We continue to hear more confirmation from research that low levels of Vitamin D are linked to increased risks of developing Alzheimer’s disease. The buzz is so strong it has sent many of us to the doctor just to have our blood work checked, and others to the local GNC store to stock up on D3 and other supplements just to be sure. While it’s too early to tell if replacement therapy alone reverses the odds, it has been validated that individuals with low levels of Vitamin D experience Alzheimer’s disease double the rate of those who are at normal levels.

The real quandary is that seniors are generally a high risk population for Vitamin D deficiency based on typical lifestyle changes that occur as we age. Some of the primary sources of Vitamin D include sunlight, fatty fish such as salmon and tuna, egg yolks, beef liver and cheese. Many of these things are considered bad for us, so we remove them to prevent other health issues such as skin cancers and high cholesterol.

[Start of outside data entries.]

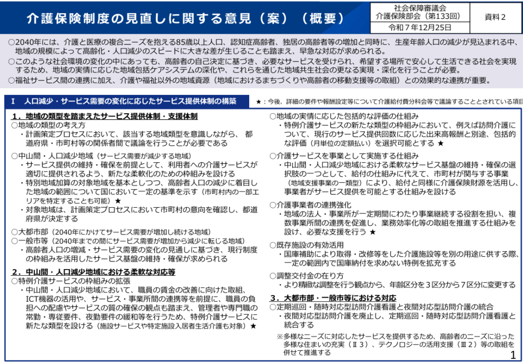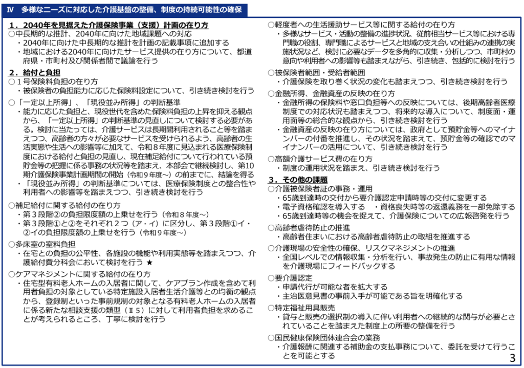 2025年12月介護保険部会「介護保険制度の見直しに関する意見書」からの3研究者の小論を考える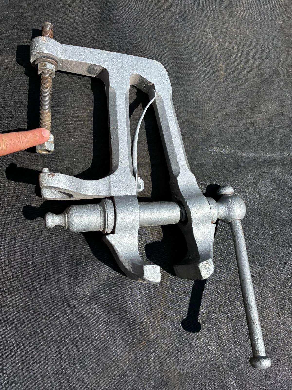 A scarce and unusually designed antique table-mount vice, still retaining its original spring and operating smoothly. This piece showcases early engineering craftsmanship, with a distinctive mounting style not often seen in modern vices.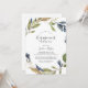 This autumn greenery engagement party invitation is perfect for a fall engagement event. The modern rustic design features navy blue, sage green and gold leaves with sprigs of dark blue flowers.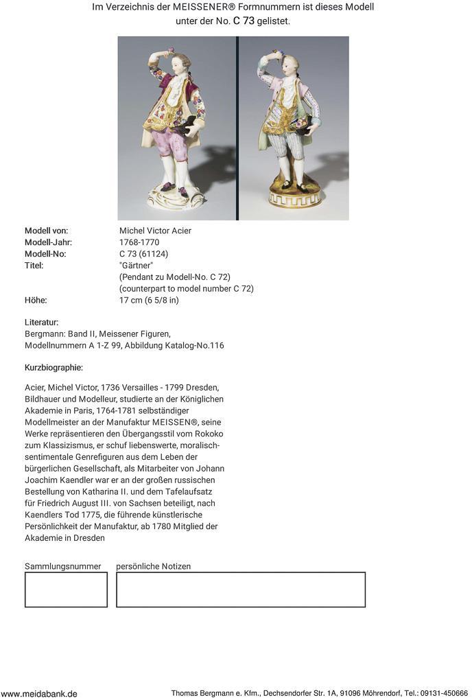 Acier, sculptor and modeller, studied at the Academy in Paris. 1764-1781 independent model master in Meissen. Meissen manufactory price: 3690, - Euro * Partner auction Bergmann.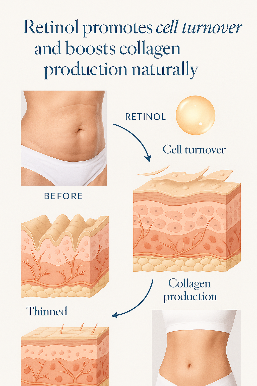 Retinol, a powerful derivative of vitamin A, has been clinically proven to stimulate fibroblasts to produce more collagen and elastin—two key proteins responsible for skin firmness and elasticity. As we age or undergo physical changes like childbirth or rapid weight loss, collagen levels drop, leading to sagging and wrinkles. By reactivating the skin’s natural cell turnover, retinol helps restore density, strengthen connective tissue, and visibly improve the tightness and resilience of the skin all over the body.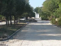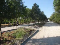Укладка основания для пешеходных дорожек продолжается, как и обустройство траншей под системы освещения и полива.

Vitamin D plays an important role in the brain, and there are many receptors for this golden substance throughout our brain including a special area known as the hippocampus which helps with memory function. Vitamin D is also thought to help clear amyloid plaques which we know build up in the presence of Alzheimer’s disease. We must find alternative ways to keep our Vitamin D levels within normal limits throughout the aging process.

We do not know if low levels of Vitamin D cause Alzheimer’s disease. What we do know is that our risks increase when this condition is present, and therefore we should monitor this simple blood value as part of our routine check ups, taking caution to keep the values within normal limits. By doing what we can today, we build hope for tomorrow.